**Goal of the exercise:** Restate all the data word for word and omit the pictures.
┌─ Entries supplied
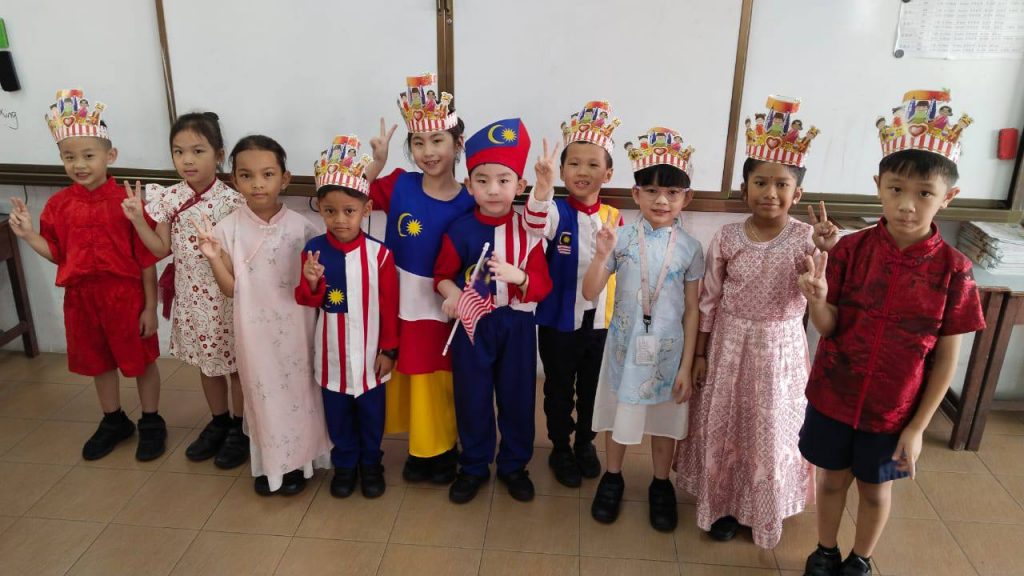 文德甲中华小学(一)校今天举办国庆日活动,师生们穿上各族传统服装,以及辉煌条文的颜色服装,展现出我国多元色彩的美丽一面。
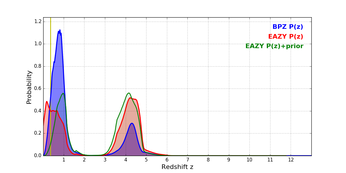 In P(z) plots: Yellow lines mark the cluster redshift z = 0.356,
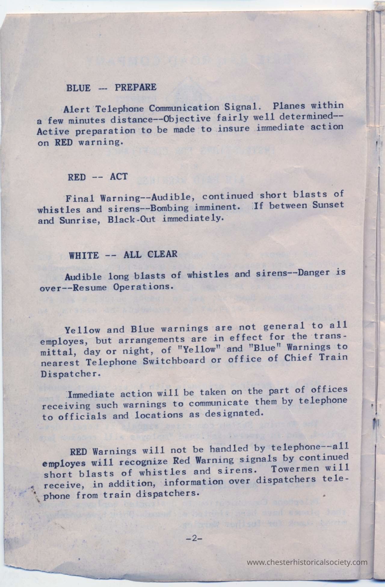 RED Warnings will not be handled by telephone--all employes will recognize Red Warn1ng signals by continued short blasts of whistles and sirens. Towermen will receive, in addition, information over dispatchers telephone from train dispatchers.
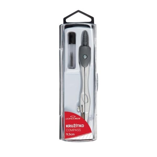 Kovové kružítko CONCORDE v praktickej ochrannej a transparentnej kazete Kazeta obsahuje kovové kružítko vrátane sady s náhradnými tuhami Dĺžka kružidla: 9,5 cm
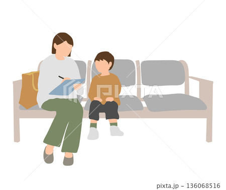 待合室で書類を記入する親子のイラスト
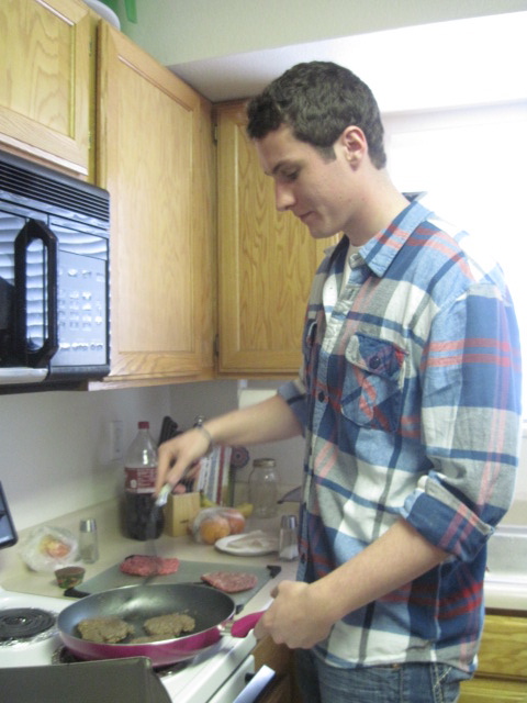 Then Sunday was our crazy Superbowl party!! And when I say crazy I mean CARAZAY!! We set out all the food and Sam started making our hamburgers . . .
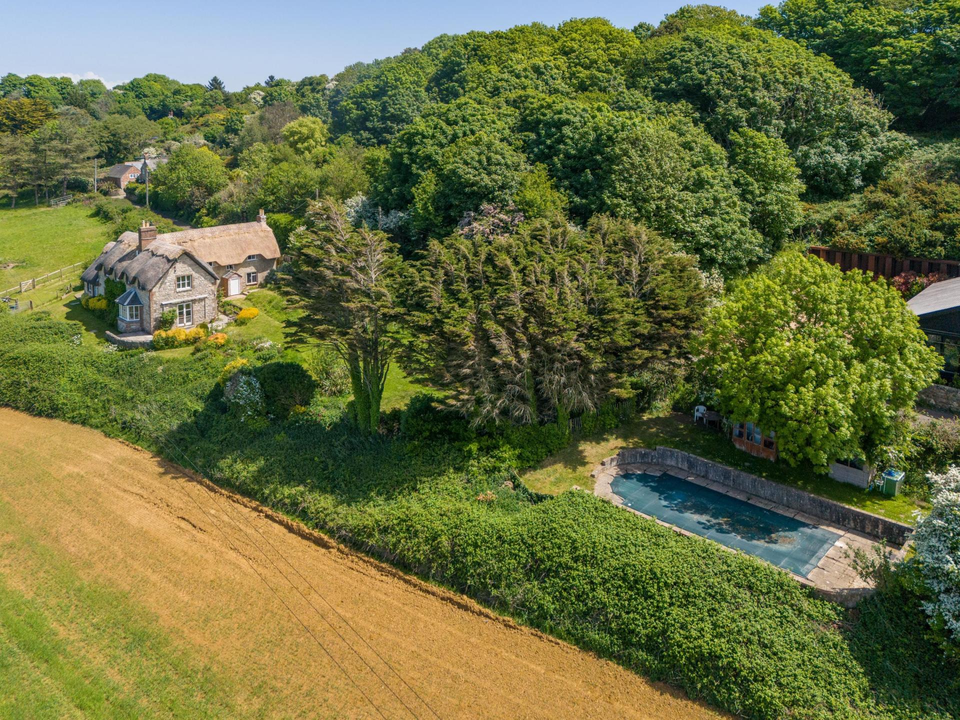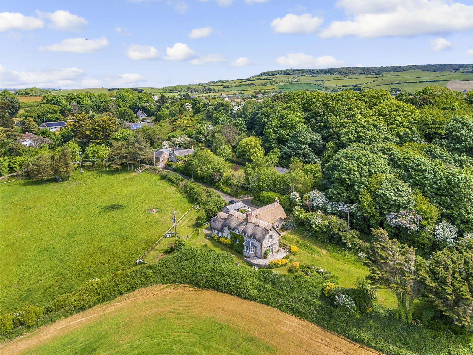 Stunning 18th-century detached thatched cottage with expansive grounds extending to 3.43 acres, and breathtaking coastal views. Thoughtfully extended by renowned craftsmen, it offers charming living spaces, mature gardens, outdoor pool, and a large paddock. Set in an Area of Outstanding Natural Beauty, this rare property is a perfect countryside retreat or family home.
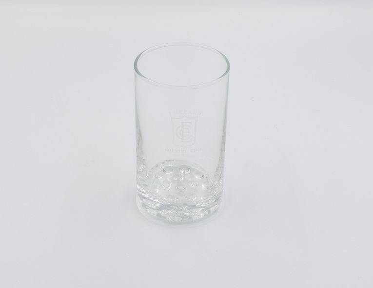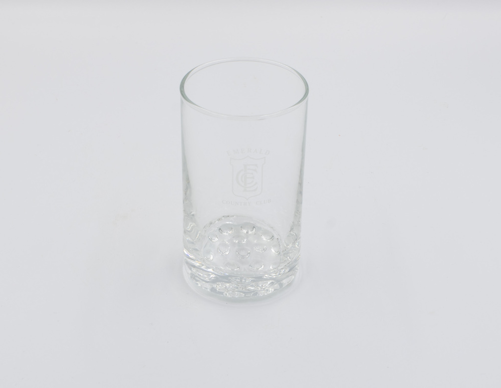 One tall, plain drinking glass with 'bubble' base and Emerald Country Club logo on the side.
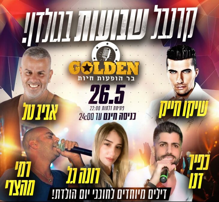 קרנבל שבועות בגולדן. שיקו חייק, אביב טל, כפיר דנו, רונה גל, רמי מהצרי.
└─
**Result for this task:**
 文德甲中华小学(一)校今天举办国庆日活动,师生们穿上各族传统服装,以及辉煌条文的颜色服装,展现出我国多元色彩的美丽一面。
 In P(z) plots: Yellow lines mark the cluster redshift z = 0.356,
 RED Warnings will not be handled by telephone--all employes will recognize Red Warn1ng signals by continued short blasts of whistles and sirens. Towermen will receive, in addition, information over dispatchers telephone from train dispatchers.
 Kovové kružítko CONCORDE v praktickej ochrannej a transparentnej kazete Kazeta obsahuje kovové kružítko vrátane sady s náhradnými tuhami Dĺžka kružidla: 9,5 cm
 待合室で書類を記入する親子のイラスト
 Then Sunday was our crazy Superbowl party!! And when I say crazy I mean CARAZAY!! We set out all the food and Sam started making our hamburgers . . .
 Stunning 18th-century detached thatched cottage with expansive grounds extending to 3.43 acres, and breathtaking coastal views. Thoughtfully extended by renowned craftsmen, it offers charming living spaces, mature gardens, outdoor pool, and a large paddock. Set in an Area of Outstanding Natural Beauty, this rare property is a perfect countryside retreat or family home.
 One tall, plain drinking glass with 'bubble' base and Emerald Country Club logo on the side.
 קרנבל שבועות בגולדן. שיקו חייק, אביב טל, כפיר דנו, רונה גל, רמי מהצרי.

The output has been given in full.